What you will do
In your copy, repeat each record exactly and include no pictures.

Material provided
_ _ _ _ _ _ _
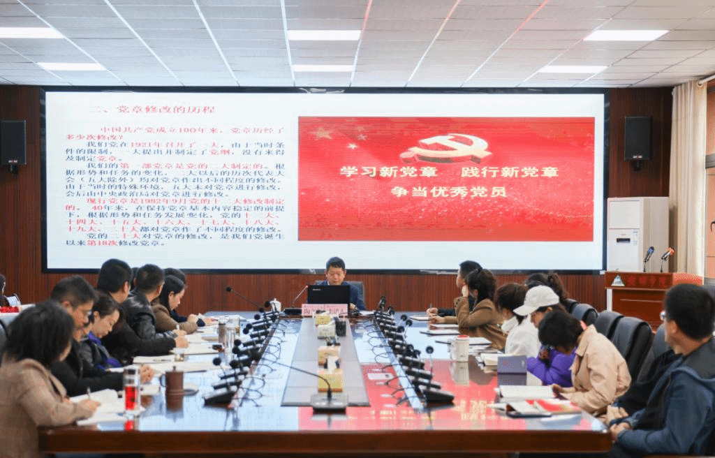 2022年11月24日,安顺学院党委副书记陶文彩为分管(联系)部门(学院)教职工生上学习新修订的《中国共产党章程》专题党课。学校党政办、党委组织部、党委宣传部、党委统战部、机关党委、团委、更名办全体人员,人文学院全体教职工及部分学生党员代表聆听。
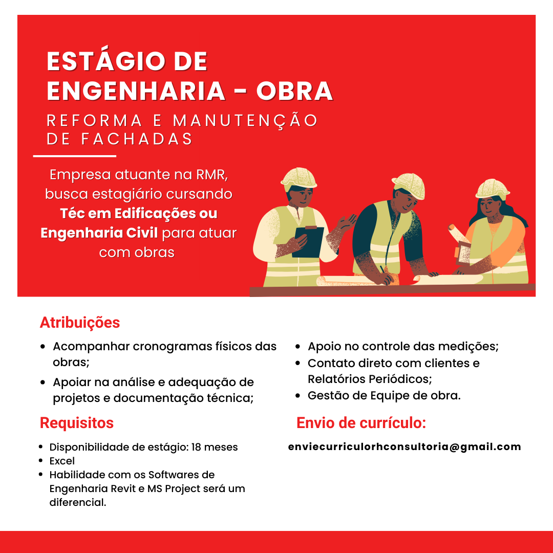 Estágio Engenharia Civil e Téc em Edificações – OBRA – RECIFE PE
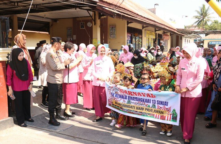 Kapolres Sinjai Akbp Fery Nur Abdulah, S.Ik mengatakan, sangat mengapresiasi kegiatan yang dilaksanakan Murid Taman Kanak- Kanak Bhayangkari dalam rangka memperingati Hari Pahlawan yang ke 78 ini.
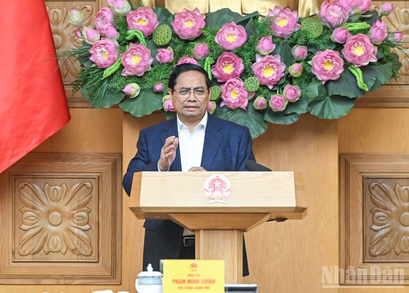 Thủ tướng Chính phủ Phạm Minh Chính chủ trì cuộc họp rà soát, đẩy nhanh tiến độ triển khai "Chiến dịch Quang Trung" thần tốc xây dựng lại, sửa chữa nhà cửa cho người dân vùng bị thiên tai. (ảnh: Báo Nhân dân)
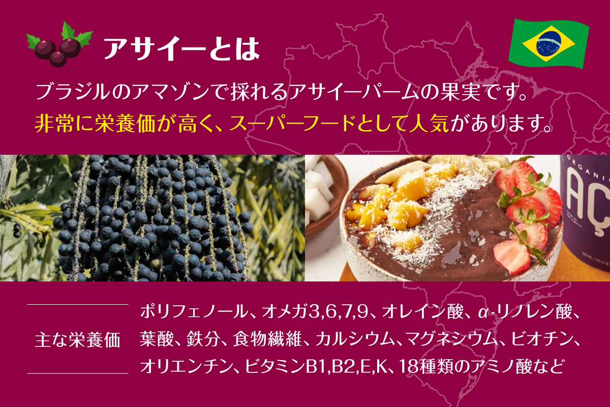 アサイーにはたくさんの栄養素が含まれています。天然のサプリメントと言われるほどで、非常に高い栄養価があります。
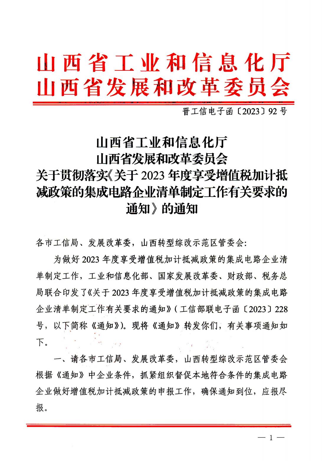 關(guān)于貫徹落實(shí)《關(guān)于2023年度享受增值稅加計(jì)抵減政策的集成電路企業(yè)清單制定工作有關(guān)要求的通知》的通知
_ _ _ _ _ _ _
Your solution
 2022年11月24日,安顺学院党委副书记陶文彩为分管(联系)部门(学院)教职工生上学习新修订的《中国共产党章程》专题党课。学校党政办、党委组织部、党委宣传部、党委统战部、机关党委、团委、更名办全体人员,人文学院全体教职工及部分学生党员代表聆听。
 Estágio Engenharia Civil e Téc em Edificações – OBRA – RECIFE PE
 Kapolres Sinjai Akbp Fery Nur Abdulah, S.Ik mengatakan, sangat mengapresiasi kegiatan yang dilaksanakan Murid Taman Kanak- Kanak Bhayangkari dalam rangka memperingati Hari Pahlawan yang ke 78 ini.
 Thủ tướng Chính phủ Phạm Minh Chính chủ trì cuộc họp rà soát, đẩy nhanh tiến độ triển khai "Chiến dịch Quang Trung" thần tốc xây dựng lại, sửa chữa nhà cửa cho người dân vùng bị thiên tai. (ảnh: Báo Nhân dân)
 アサイーにはたくさんの栄養素が含まれています。天然のサプリメントと言われるほどで、非常に高い栄養価があります。
 關(guān)于貫徹落實(shí)《關(guān)于2023年度享受增值稅加計(jì)抵減政策的集成電路企業(yè)清單制定工作有關(guān)要求的通知》的通知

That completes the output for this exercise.